A combined multi-scale/irregular algorithm for the vectorization of noisy digital contours

https://doi.org/10.1016/j.cviu.2012.07.006Get rights and content

Abstract

This paper proposes and evaluates a new method for reconstructing a polygonal representation from arbitrary digital contours that are possibly damaged or coming from the segmentation of noisy data. The method consists in two stages. In the first stage, a multi-scale analysis of the contour is conducted so as to identify noisy or damaged parts of the contour as well as the intensity of the perturbation. All the identified scales are then merged so that the input data is covered by a set of pixels whose size is increased according to the local intensity of noise. The second stage consists in transforming this set of resized pixels into an irregular isothetic object composed of an ordered set of rectangular and axis-aligned cells. Its topology is stored as a Reeb graph, which allows an easy pruning of its unnecessary spurious edges. Every remaining connected part has the topology of a circle and a polygonal representation is independently computed for each of them. Four different geometrical algorithms, including a new one, are reviewed for the latter task. These vectorization algorithms are experimentally evaluated and the whole method is also compared to previous works on both synthetic and true digital images. For fair comparisons, when possible, several error measures between the reconstruction and the ground truth are given for the different techniques.

Highlights

► We propose a novel unsupervised algorithm to vectorize digital noisy contours. ► Our system combines a multi-scale noise detector and a polygonalization algorithm. ► We can compute polygonal reconstructions that have completing theoretical properties. ► The comparison with related work shows that our proposals are very competitive. ► We also present the interest of our work for several image analysis applications.

Introduction

The vectorization (i.e. reconstruction into line segments) of digital objects obtained from segmentation, digitization or scanning processes is a very common task in many image analysis systems such as optical character recognition (OCR), license plate recognition (LPR), and sketch recognition [1], [9], [14], [36], [31], [37], [38]. The development of raster-to-vector (R2V) algorithms is in constant progress, responding to both technical and theoretical challenges [30]. Indeed, in real-life applications, digital objects are not perfect digitizations of ideal shapes but present noise, disconnections, irregularities, etc.

To process this kind of image data, additional information is provided such as a priori knowledge on studied shapes (for instance, shapes are letters in OCR) or user supervision.
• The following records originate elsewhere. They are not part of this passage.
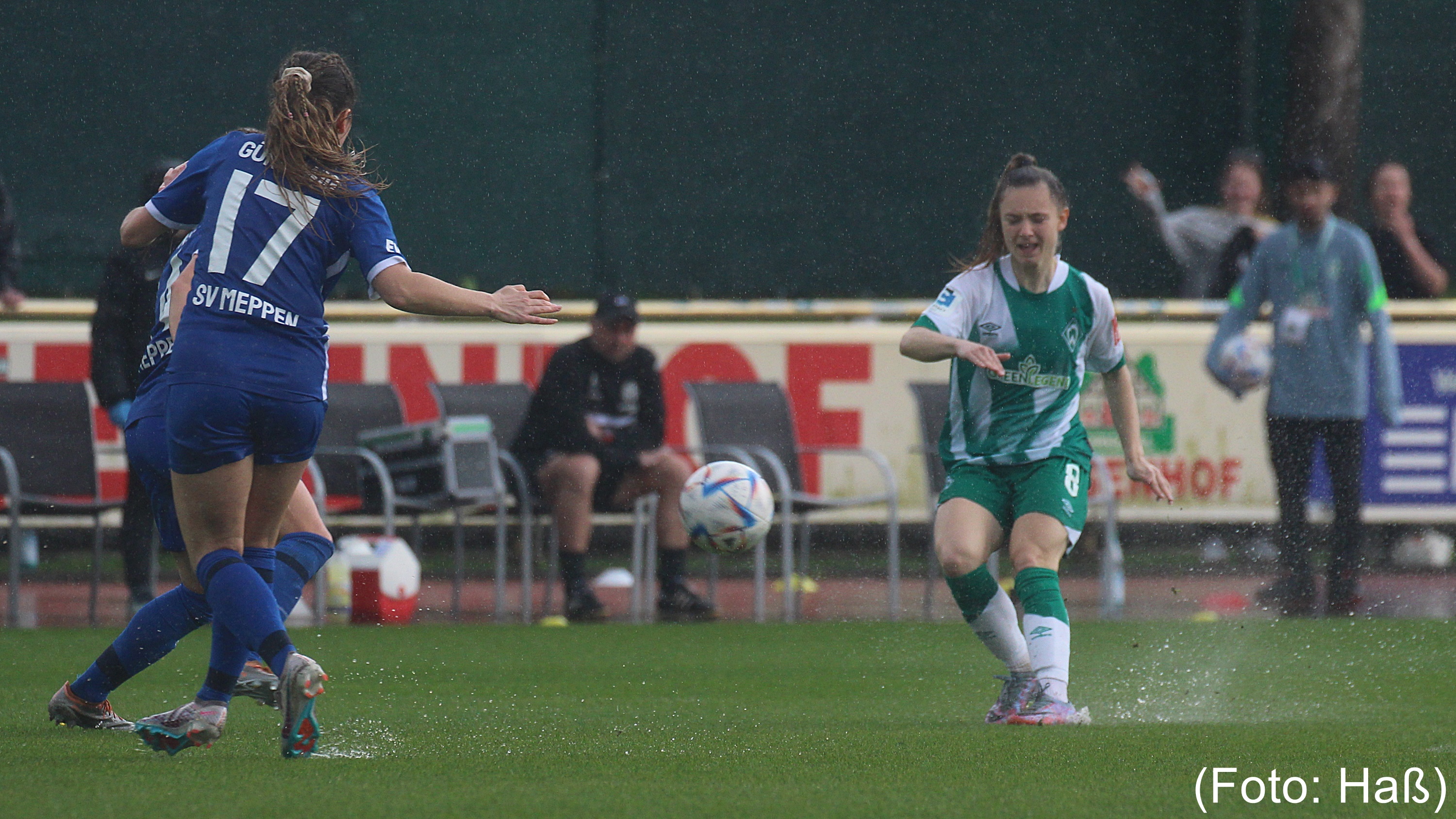 Ein Gewitter kurz nach Wiederanpfiff unterbrach die Begegnung für ca. 10 Minuten. Passend dazu wurde in der Zwangspause auch das Lied „Singing in the rain“ gespielt. So sind wir Bremer*Innen eben, kennen wir doch das Regenwetter zu genüge. Unter erschwerten Platzverhältnissen versuchten die Bremerinnen das entscheidende Tor zu erzielen, doch gute Möglichkeiten von Saskia Matheis (57.) und eine abgefälschte Flanke von Jasmin Sehan (73.) fanden nicht das Ziel. Die beste Möglichkeit hatte Chiara Hahn in der 85. Minute, als sie freistehend vor Meppens Tor und Keeperin, den Ball leider nicht gut genug platzieren konnte und dieser über das Tor ging. In der 90+2. versuchte es dann noch die eingewechselte Stefanie Sanders frei vor Meppens Tor, jedoch aus spitzem Winkel, den Siegtreffer zu erzielen. Meppens Keeperin Sieger war jedoch zur Stelle.
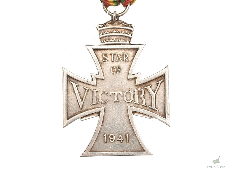 Крест победы 1941 года на оригинальной ленте. Надпись на кресте гласит: "Звезда победы 1941".
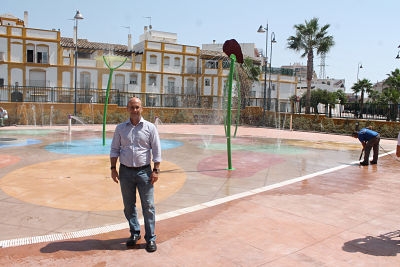 Mijas, 7 de septiembre de 2016.-El Parque del Agua de Las Cañadas ya se encuentra disponible para que los niños de la barriada puedan disfrutar en estos primeros días de septiembre de estas nuevas instalaciones novedosas en la ciudad. El concejal de Infraestructuras del Ayuntamiento de Mijas, José Carlos Martín, ha recepcionado esta mañana las obras que ya han finalizado tras tres meses de ejecución y una inversión de 162.000 euros. « Estamos muy contentos porque los pequeños podrán hacer uso de este nuevo parque tan original que supone una apuesta más para revitalizar el núcleo de Las Lagunas. Es pionero en el municipio al contar con los juegos de agua. Quien lo desee puede hacer uso del espacio como es habitual con paseos, descanso de los mayores o juegos al uso o bien probar estas novedades y refrescarse », señala el concejal.
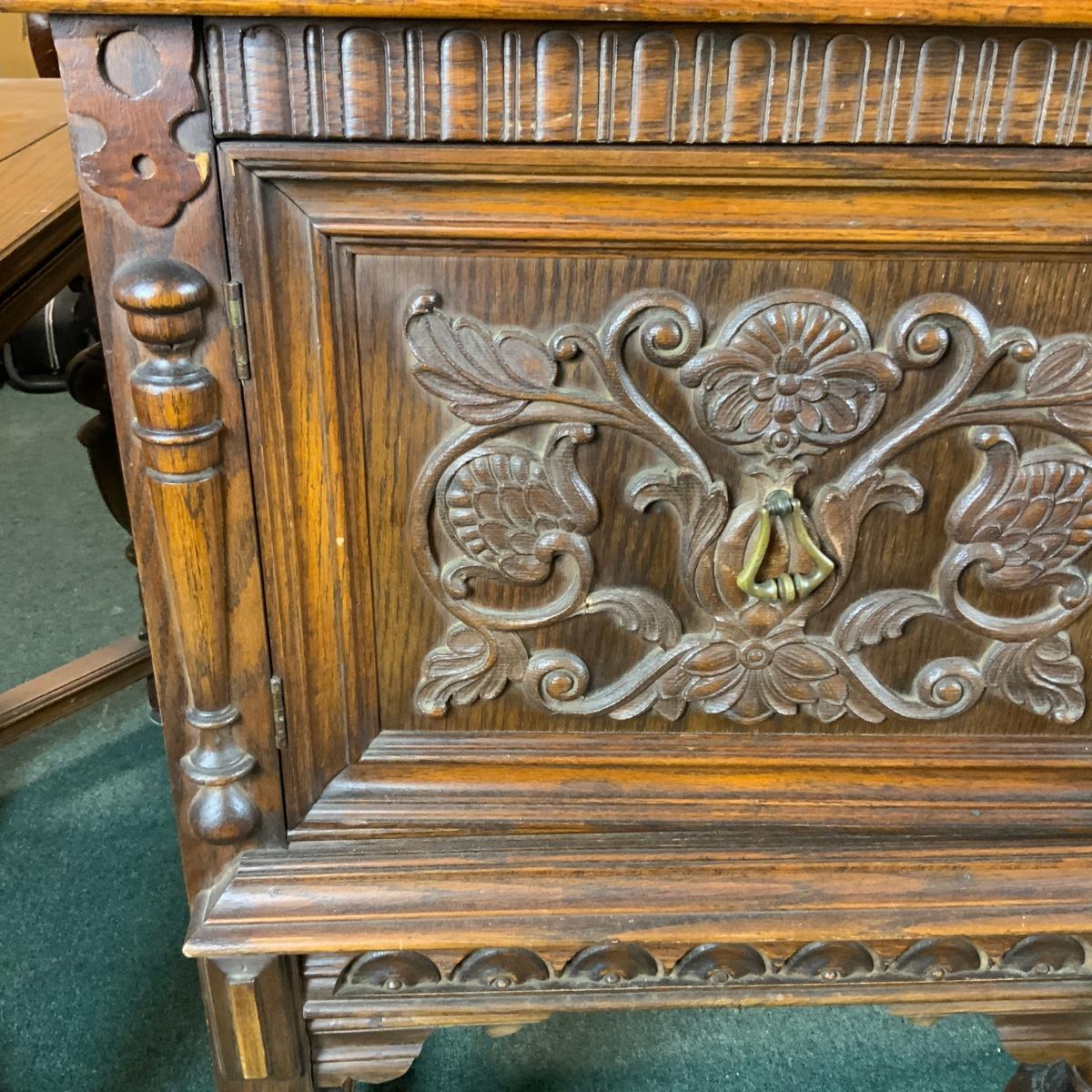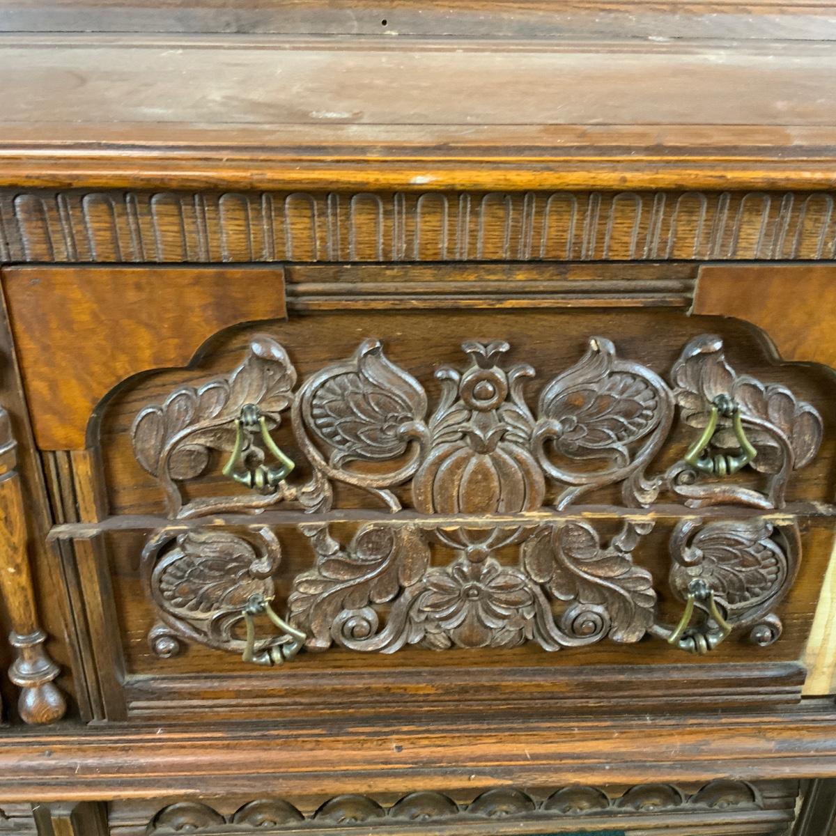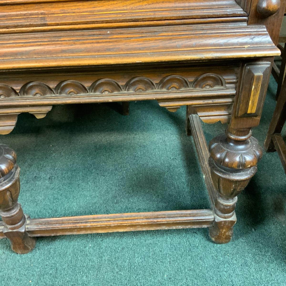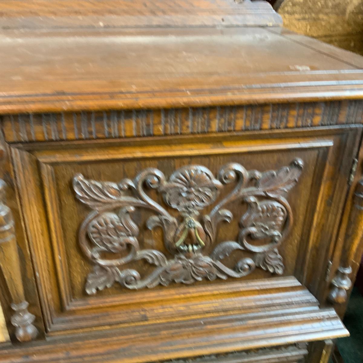 Magnificent Tudor Buffet or Sideboard. Needs some cosmetic work done. //::\\ Please see photos for details and condition. No attempt has been made to hide any imperfections. All items listed in this auction are warehouse items, and need to be cleaned. A majority of the items need restoration as well. All items are sold AS IS and WITHOUT GUARANTEE. If you are uncertain about an item, DO NOT BID. Due to the nature of this online auction in-person inspection is HIGHLY recommended. All Sales are FINAL. Pick Up Times are FIRM. Please confirm with your own schedule that you can pick up in the scheduled times listed in the Terms and Conditions. Any questions please message the auctioneer. DO NOT Contact The Harp Gallery.
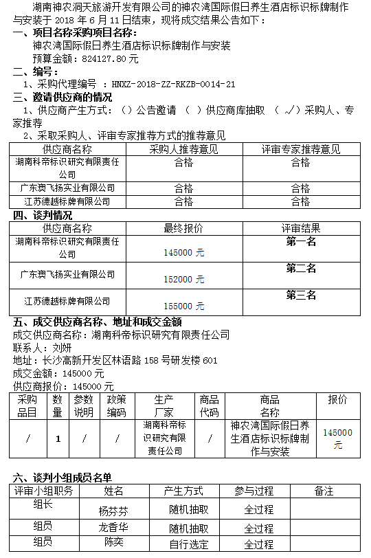神農(nóng)灣國際假日養(yǎng)生酒店標識標牌制作與安裝 競爭性談判成交公告
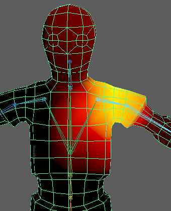 次の図では、スキン ウェイト ペイント(Paint Skin Weights)ツールを使用して最短距離(Closest Distance)バインド方法の効果を示します。中心の黄色の領域はインフルエンスが最も強いことを示し、黒い領域はメッシュ全体に広がるにつれてバインドの効果が減少することを示します。このバインド方法を使用した場合、既定の設定では肩のインフルエンスが最も強くなりますが、インフルエンスは頭の上まで広がっています。最短距離(Closest Distance)と階層内の最近接(Closest in Hierarchy)の図を比較すると、効果は両方で同じようになりますが、階層内の最近接(Closest in Hierarchy)の方が胸領域全体に完全に広がっています。
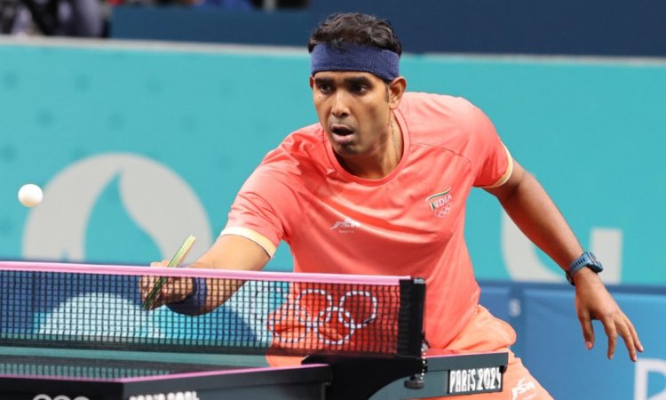 Paris: India's Sharath Kamal during a men's singles table tennis match at the Paris Olympics 2024 (Image Source: IANS)
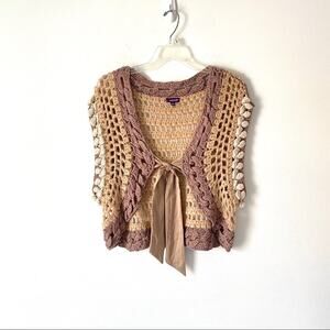 Lulumari Boho Crochet Tie Front Sweater M/L
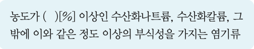 다음은 산업안전보건법령에 따른 위험물질의 종류 중부식성염기류에 관한 내용이다. ( )안에 알맞은 수치는?
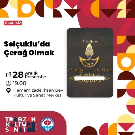Trabzon Büyükşehir Belediyesi, kültür ve sanat etkinliklerine devam ediyor. Bu kapsamda, Hamamizade İhsan Bey Kültür Merkezi'nde Selçuklu’da Çerağ Olmak filmi izleyiciyle buluşacak.
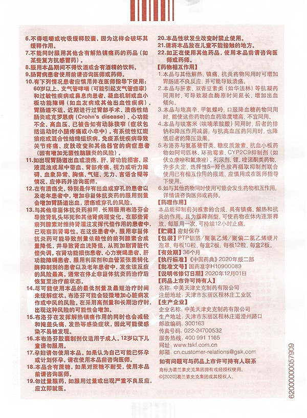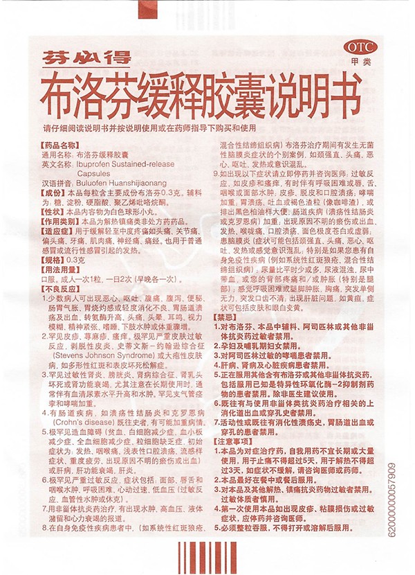 芬必得(布洛芬缓释胶囊)(0.3g*10粒/2板/盒,中美天津史克制药有限公司)分装使用,说明书如下
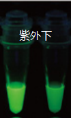 反应管在自然光下由橙色变成黄绿色,对照管不变;在紫外下,能看到强烈荧光,对照管有微弱荧光。
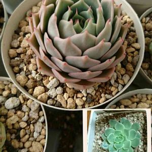 連日暑いですね34℃☀暑中見舞いは早いですか…? 右上花屋の隅でハオルチア溶けてたけど連れて帰って右下と左に植替えてみたよ😉 少しはマシかなぁ💕
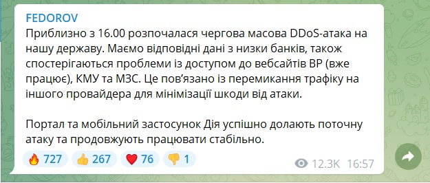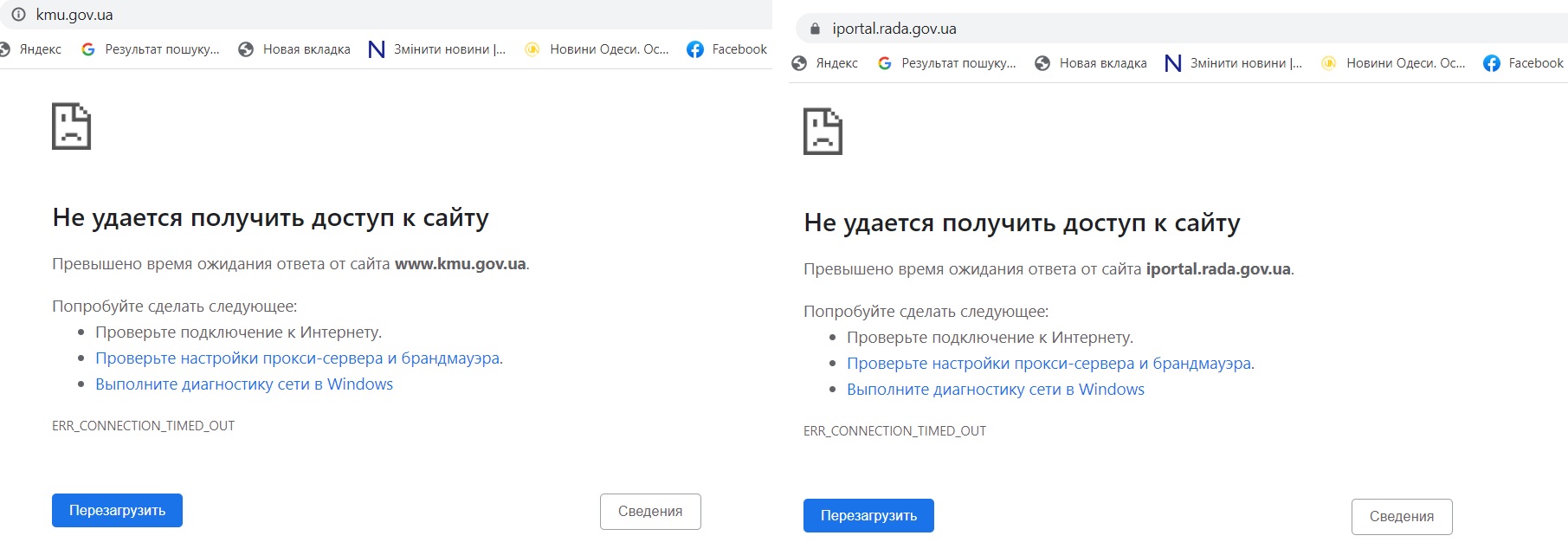 За повідомленням фахівців, причина падіння ресурсів – DDOS-атака. Технічні служби працюють над усуненням неполадок.
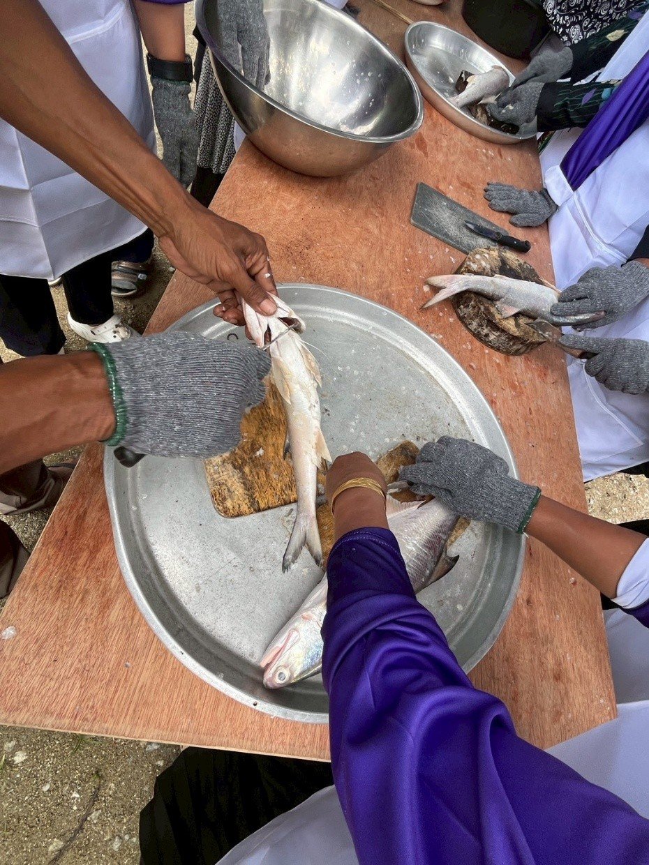 นำปลาที่ตากแดดมารีดน้ำออกจากตัวปลา โดยใช้ไม้คลึงตัวปลาเบา ๆ ทำให้ครบ 18 วัน
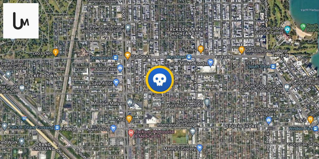 1900 block of E 72nd Pl (Greater Grand Crossing) Chicago An adult male at the location suffered a gunshot wound to the abdomen near 72/Maryland. He managed to self-transport to the hospital, where he was pronounced dead
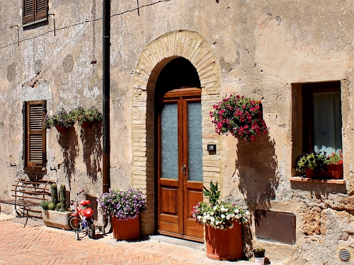 Tag: fiori, vasi, finestre, bicicletta, porta, persiane, panchina, arco, piante, portone, legno, casa, vetro, uscio, bici, rosso, ingresso, grondaia, finestra, fioriere, ombre, ombra.
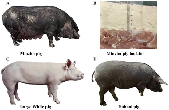Pig breeds used in this study. (A) Minzhu pig (MZ). (B) Back fat of MZ at the last rib. (C) Large White (LW) pig. (D) Suhuai (SH) pig.
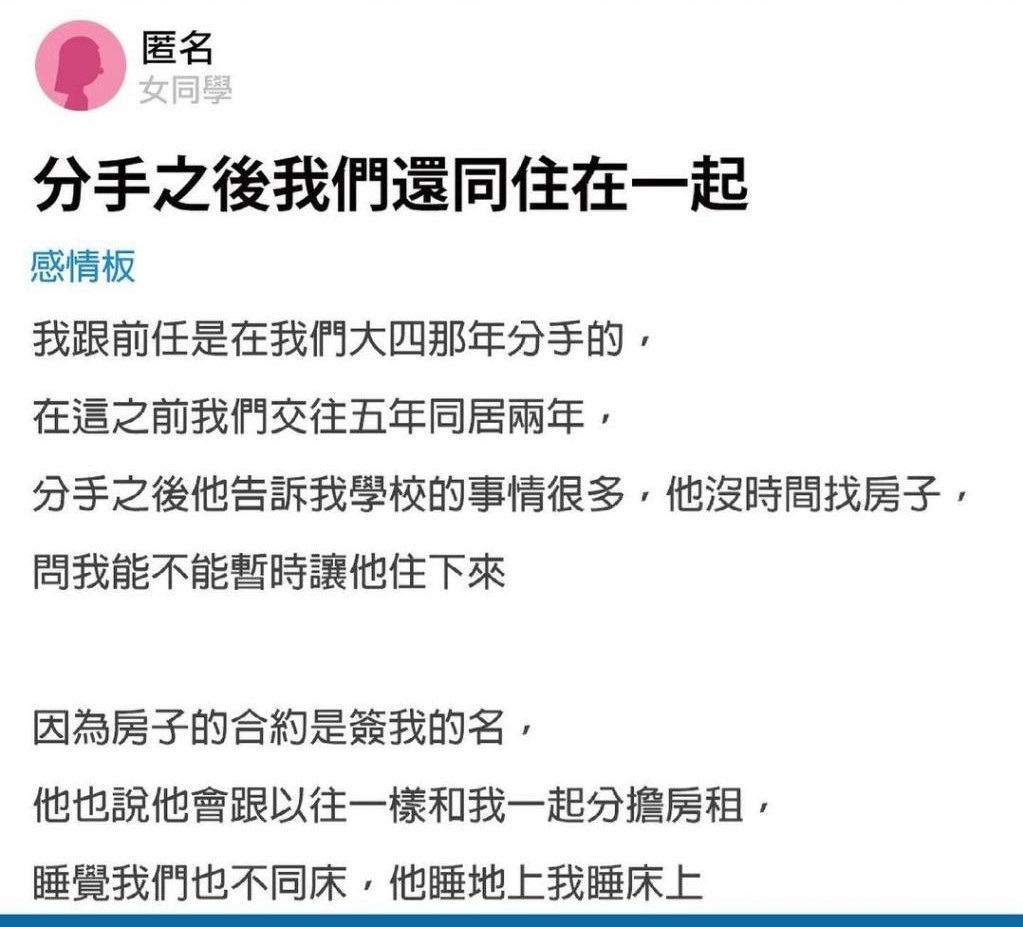 分手後依然同居,算什麼關係? 加入我們的Line群 「搞笑同樂會」,每天分享好多趣味影
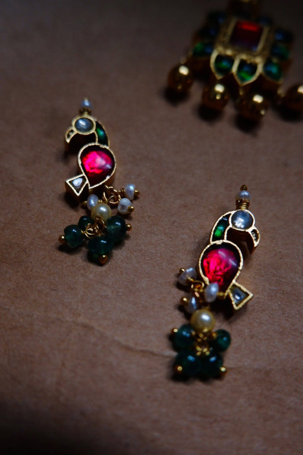 Multicolour bird semi-precious stone and pearl studded earrings

For low level image processing, classic approaches of contour (or edge) detection generally need an external parameter that has to be tediously tuned, and the output has to be filtered and post-processed [5], [10] (see Fig. 1 for an example with the Canny edge detector and the Sobel operator, and with also a recent algorithm of edge noise removal [13]).

The noisy digital contour (or a thick digital curve around it) can be partitioned into thick (or blurred) segments [11], [12]. Such approaches require a global thickness parameter and thus cannot handle contours along which the amount of perturbation or noise is not uniform (e.g. see Fig. 1a, top and bottom). The document vectorization method of [14] also assumes rather uniform noise so that filtering and skeletonization are enough to take care of it. Other methods like [19], [27], which are based on different principles, also require a global scale parameter to compute polygonal reconstructions. Other related works aim to compute an isothetic hull from a noisy contour in order to build a polygonal contour [3]. In this case, the user has to define the spacing of the grid used to compute the orthogonal structure. In this various works, the main parameter is related to the amount of noise in the image.

We proposed in a previous work [35] a novel unsupervised technique, divided into two main stages. We first used the pixel resizing algorithm based on the multi-scale noise detector introduced in [15], [17]. This set of resized pixels is transformed into an irregular isothetic object composed of rectangular and axis-aligned cells. The topology is stored into a Reeb graph [23]. The object is then analyzed and vectorized using two geometrical algorithms, both based on the preimage of straight parts (i.e. sequence of cells that can be passed through by a straight line). These two polygonalization algorithms are an improvement of the visibility cone approach of [32].

Our system is comparable with the work of [24], where is introduced a polygonalization technique based on a pixel resizing step, combined with a generalized preimage algorithm. However, this approach mixes up noise, arithmetic artefacts and high curvature features when trying to detect noisy parts of contours. It also needs a very complex topological control process [25], represented as a skeleton, to handle objects not homotopic to a cycle.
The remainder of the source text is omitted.